Thursday, November 29, 2007


Looking at the screenshot in my recent post Achievements, you can see a how dull and low-polygon the terrain can be in games when you get up close to things that are designed to be far away—in this case, a mountain. This is by no means a problem exclusive to World of Warcraft. Since the object was designed to be viewed from far away, it's made up of relatively few polygons and low-detail textures. Up close, it looks pretty sad. Some games like Oblivion have multiple versions of terrain objects: a low-resolution version for when they're far away, and a better version for when you're up close. When you get high up into the mountains you can see the negative effects of this; things far away look really, really bad when you can see much further into the distance than you can in, say, a forest. But overall, Oblivion does a pretty decent job at this.

I wonder if one way to combat this problem is by having procedurally-generated terrain models. From a distance, the mountain I'm standing on in the screenshot could look as it does today. Closer up, some code could kick in to start generating details. From a medium distance, the game needs to render more than just a silhouette of the mountain, but it doesn't need individual rocks and juts yet.
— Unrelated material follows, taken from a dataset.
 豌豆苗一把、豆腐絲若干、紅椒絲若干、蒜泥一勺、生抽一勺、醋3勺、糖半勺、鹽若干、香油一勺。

Up close, it would be nice for it to look like an actual cliff, with rocks, jagged edges, and the like—all of the things that would kill performance if they were rendered when you were a mile away. Nobody really has the time or budget to add that level of detail to the game manually, but if they could be procedurally generated, so that the game could just "fill in" missing detail, it wouldn't take much longer to design areas of games than it does today.
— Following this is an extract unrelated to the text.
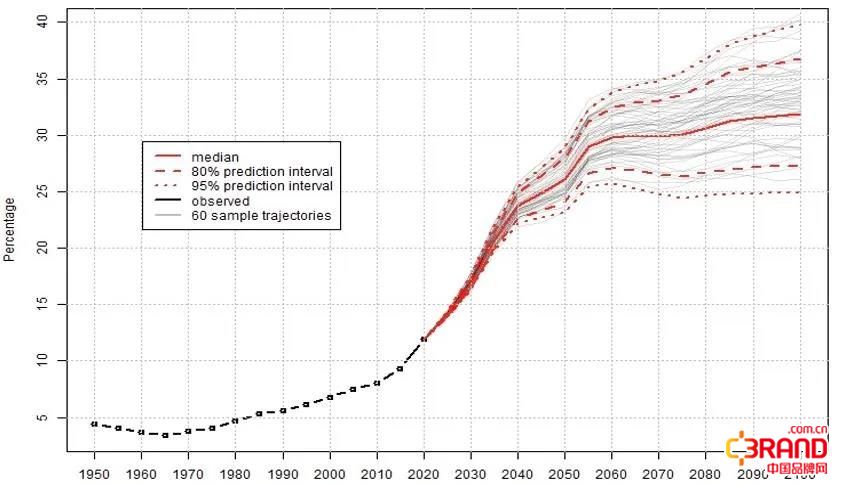 中国65岁以上老年人口百分比。图片来源:联合国2019年世界人口展望报告

Of course, the question is: how do you ensure visual quality and design consistency? Does someone still need to go through every square meter of the world to make sure that the code is generating terrain details that are aesthetically pleasing? In most cases, you'd want this to be a repeatable process, so the next time you visited the same mountain cliff you'd see the same rocks and terrain features, instead of new ones picked at random. How do you make that work? I'm sure that there are solutions here... I don't know if they're the right ones. It just seems that, at some level, we're going to get to a point where the computer is capable of rendering incredible detail, but no design team has the time to create that level of detail. Today we use shortcuts like reducing polygons or reusing textures to save time. How much of that can be improved by letting computers do tedious detail work for us?